PROBLEM:
What follows is a set of records; repeat them exactly, without the pictures.

Stored items from a collection
····················

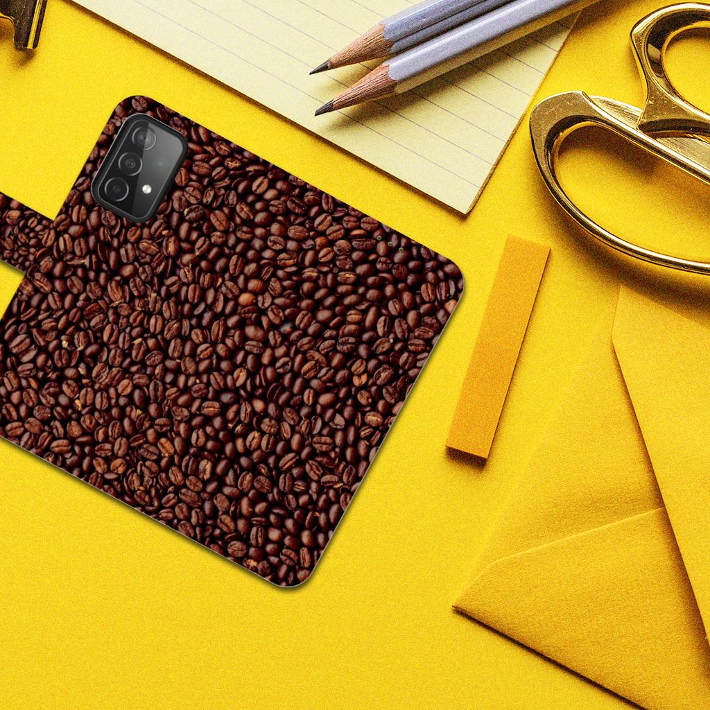 Als je de lekkerste koffie wilt dan kun je het beste koffiebonen kopen. Koffie is namelijk het verst wanneer je de bonen zelf maalt. En wie houdt nou niet van de geur van vers gemaalde koffie? Daarom hebben wij de mooiste Koffiebonen op een smartphone hoesje gezet. Ben je barista, dan is dit het perfecte hoesje voor jouw werktelefoon. De koffiebonen staan op een boekhoesje. Er is vrijwel geen betere bescherming dan dit hoesje, dat ook nog eens opbergvakjes heeft en zeer praktisch is. Je kunt je beurs thuislaten met een Samsung Galaxy A52 Book Cover. Alle zijden van dit hoesje zijn bedrukt, evenals het lipje aan de buitenzijde. Mensen die houden van een stevige espresso, kiezen voor dit degelijke design hoesje met bonen. Er staan ook bonen op het lipje en je kunt zelf een eigen tekst toevoegen.
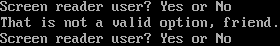 Screen reader user? Yes or No That is not a valid option, friend. Screen reader user? Yes or No
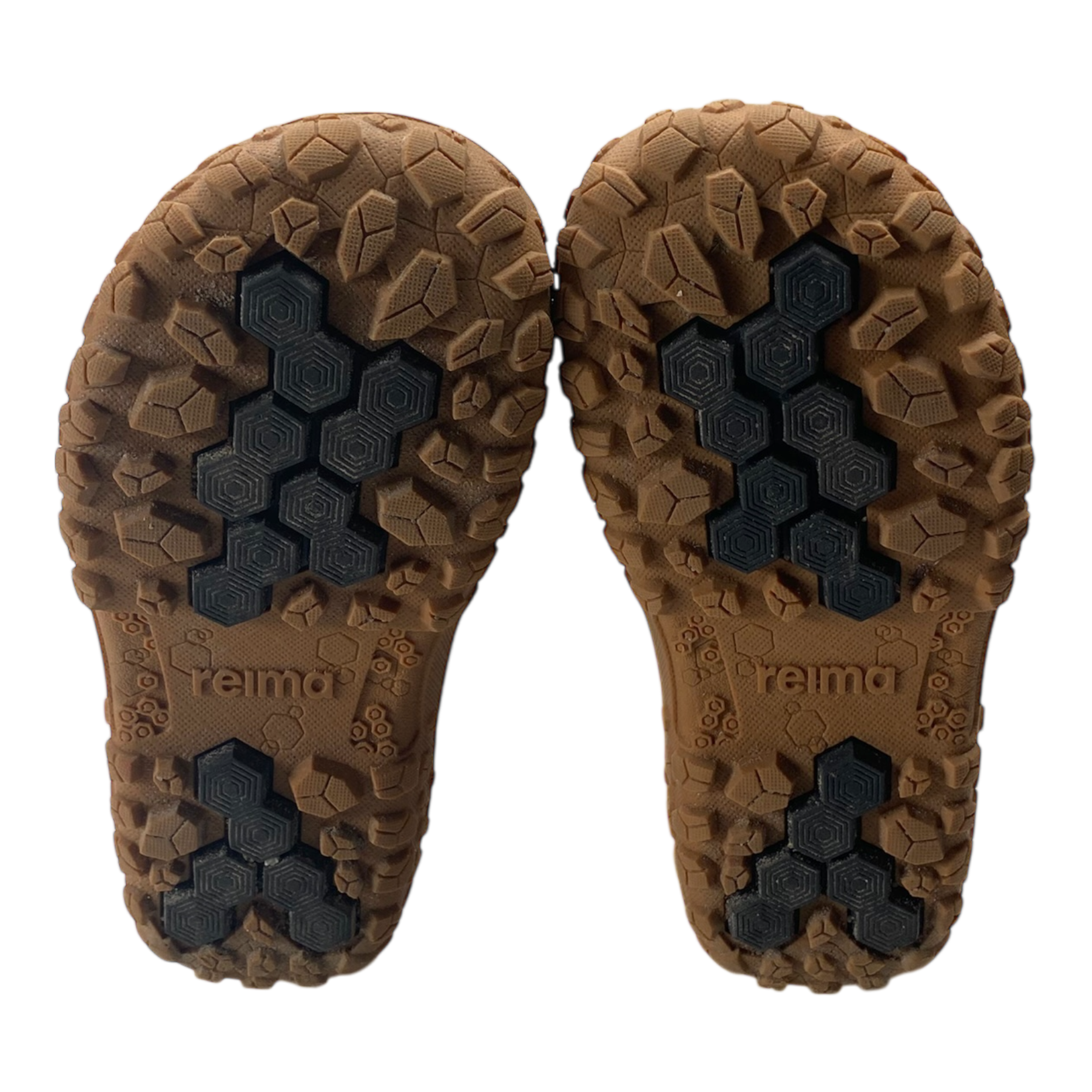 Reima Loskari kids winter duck boots has a waterproof galosh section in durable thermoplastic rubber. Protects from slush on wet days. The item has some signs of use.
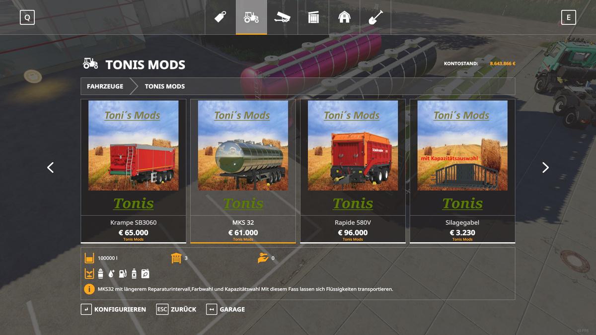 Mod MKS alle Flussigkeiten v1.0 for Farming Simulator 2019 All liquids and tank selection Credits: Toni |
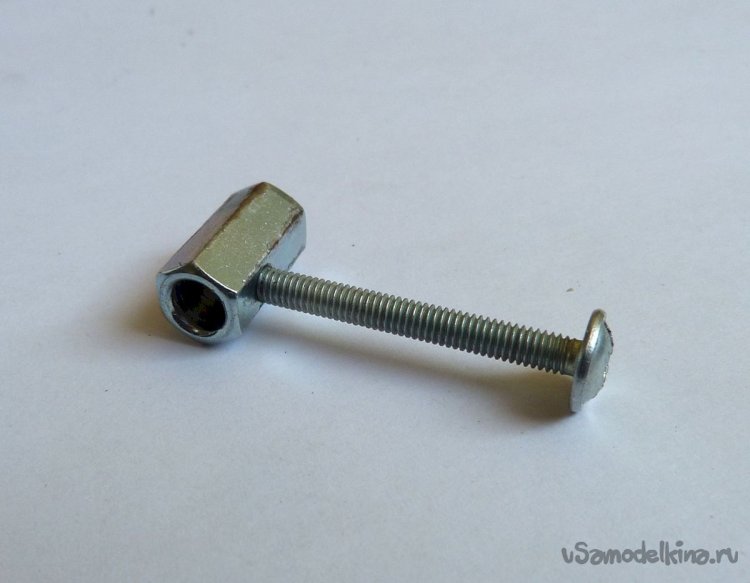 В удлинённых гайках М6 при помощи высверливания сверлом 6 удаляется резьба. Посредине одной из граней на каждой гайке высверливается отверстие сверлом 3,3мм и нарезается резьба М4. Для надёжности сверху отверстия с резьбой припаивается гайка М4.

····················

REPLY:
 Als je de lekkerste koffie wilt dan kun je het beste koffiebonen kopen. Koffie is namelijk het verst wanneer je de bonen zelf maalt. En wie houdt nou niet van de geur van vers gemaalde koffie? Daarom hebben wij de mooiste Koffiebonen op een smartphone hoesje gezet. Ben je barista, dan is dit het perfecte hoesje voor jouw werktelefoon. De koffiebonen staan op een boekhoesje. Er is vrijwel geen betere bescherming dan dit hoesje, dat ook nog eens opbergvakjes heeft en zeer praktisch is. Je kunt je beurs thuislaten met een Samsung Galaxy A52 Book Cover. Alle zijden van dit hoesje zijn bedrukt, evenals het lipje aan de buitenzijde. Mensen die houden van een stevige espresso, kiezen voor dit degelijke design hoesje met bonen. Er staan ook bonen op het lipje en je kunt zelf een eigen tekst toevoegen.
 Screen reader user? Yes or No That is not a valid option, friend. Screen reader user? Yes or No
 Reima Loskari kids winter duck boots has a waterproof galosh section in durable thermoplastic rubber. Protects from slush on wet days. The item has some signs of use.
 Mod MKS alle Flussigkeiten v1.0 for Farming Simulator 2019 All liquids and tank selection Credits: Toni |
 В удлинённых гайках М6 при помощи высверливания сверлом 6 удаляется резьба. Посредине одной из граней на каждой гайке высверливается отверстие сверлом 3,3мм и нарезается резьба М4. Для надёжности сверху отверстия с резьбой припаивается гайка М4.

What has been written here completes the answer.